そーいちろー

あるじのそーいちろーのレビュー・感想・評価

あるじ(1925年製作の映画)
4.2
なんてことない映画である。事業で失敗し、不満を募らせ家族にあたることでしかその憂さを晴らせないヴィクトル。家族を支えつつ、ヴィクトルの痛みに寄り添いつつ健気に家庭を盛り立てる妻イダ。その二人を支えるお手伝いのマッス。物語は横暴三昧、ドメハラ三昧のヴィクトルが、妻を失い、その大切に気づくまでの、ありがちな家族もののメロドラマである。でも、この映画はなんでこんな愛おしいんだろうか。サイレントでありながら、この映画はどんな有声映画よりも雄弁である。ドライヤーは信仰や宗教と向き合いながら、突き詰めていけば「信じること」「愛すること」をずっと撮ろうとし続けてきた人なんじゃないか、と勝手に思った。彼の傑作「奇跡」は、まさに信仰とは奇跡の体現であること、奇跡とは誰しもが信仰を諦めた、それでもなお信仰し続けることでしか実現し得ない、とてつもない苦境を描いた映画であったのだが、本作も全く同じマインドを感じた。これを安直なフェミニズム映画、みたいな安いくくりで観るのではなく、「愛」「信頼」とは何であるか、家庭とは結局、家族それぞれの席が用意され、団欒することにあるとラストワンショットで分かりやすく映し出したドライヤーの意志の強さに心打たれる。
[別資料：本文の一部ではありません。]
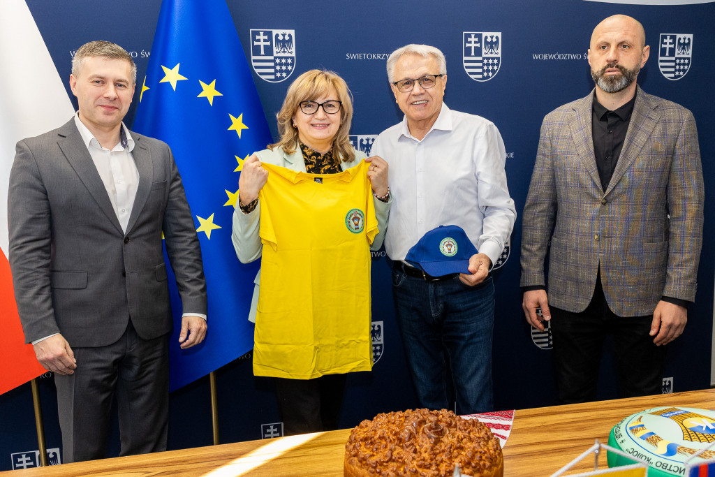 W regionie świętokrzyskim przebywa delegacja samorządowców oraz przedstawicieli organizacji sportowych z Ukrainy. Goście z Obwodu Winnickiego spotkali się dziś w siedzibie naszego Urzędu z członkiem Zarządu Województwa i prezes Regionalnej Organizacji Turystycznej Województwa Świętokrzyskiego Anitą Koniusz oraz radnym Sejmiku Województwa i dyrektorem ROT Marcinem Piętakiem, by zacieśniać więzi oraz poznawać potencjał turystyczny, kulturalny i sportowy naszego regionu. W spotkaniu uczestniczyła także zastępca dyrektor Departamentu Edukacji, Kultury i Sportu Urzędu Marszałkowskiego, Dorota Łukomska.
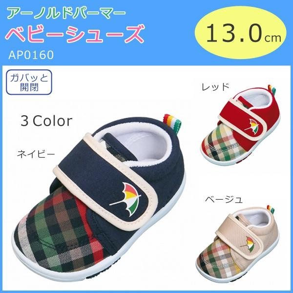 カラフルで可愛らしい、アーノルドパーマーのベビーシューズです。脱ぎ履きがラクな、ガバッと開閉タイプ。ご自宅用としてはもちろん、贈り物としても喜ばれます。 製造国:中国 素材・材質:アッパー:コットンソール:PVC 商品サイズ:13.0cm 重量:片足:約65g ※サプライヤー直送品  ご注文後3~4営業日後の出荷となります【商品名】アーノルドパーマー ベビーシューズ 13.0cm AP0160 ネイビー
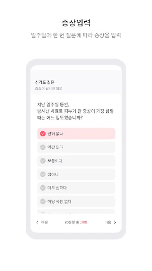 This mobile application collects and stores side effects that appear during cancer treatment in real time by applying PRO CTCAE (Patient-Reported Outcomes Common Terminology Criteria for Adverse Events), an international standard cancer patient symptom self-report tool for cancer patients. , reporting and analysis is possible.
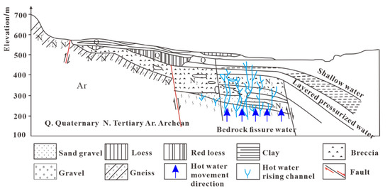 The geothermal system can be divided into three aquifers in bedrock and the overlying strata in the Huailai area. (1) The Tertiary fractured pore-confined aquifer in bedrock, which is composed of Archean gneiss and its upper coarse gravel, giant gravel. This aquifer has a low water content but has formed a good water and thermal storage layer, where structural fissures are strongly developed. The temperature of this aquifer is high. (2) The Quaternary pore confined aquifer is mainly formed by loose sediment such as coarse sand and gravel, which has good water and heat storage capacity. Above the aquifer, fine silt, sticky sand, and clay are found, which all have good water and heat insulation properties. (3) The Quaternary pore phreatic aquifer is mainly composed of river–lake sediments (such as medium-fine sand, silt, and clay) and has a large thickness [8]. The upper part is mainly composed of sand and clay, with calcium bonding and gypsum, forming a sufficient cap layer [2] (Figure 2). In general, the Huailai area has a large water and heat storage capacity. According to the drilling data in this area, the temperature of the hot spring water is generally between 25 and 80 °C, with the potential for temperatures over 80 °C. The temperature of the Quaternary phreatic hot water is 25–55 °C, and the temperature of the pressurized hot water in the Quaternary loose sediment is 60–80 °C. The temperature of the bedrock fissure water can reach about 120 °C, and the ratio of cold water mixing is up to 0.7 [1].
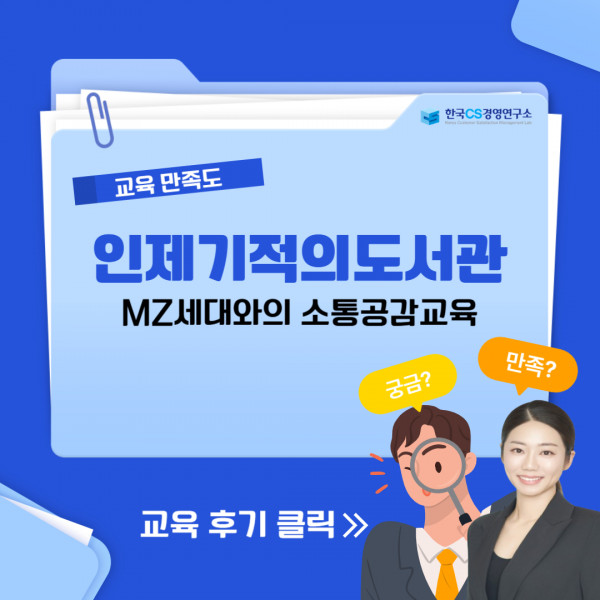 기업들의 옳은 선택이 될 수 있는 교육 가치 기반으로 기업 HRD&CS Total 분야의 대표 수행기관으로서 한국CS경영연구소는 개인과 기업의 성장에 함께하겠습니다.

ドライヤーを観るたびに、ジャン=リュック・ゴダールがいかにこの監督から強い感銘や影響を受けてきたかを感じざるを得ない。どこが、とかではなく、それはそう感じてしまうから仕方ない。いつも通り、変な筋にはこだわらず映画としての強みのみで押し切るドライヤーは本当に素晴らしいと思う。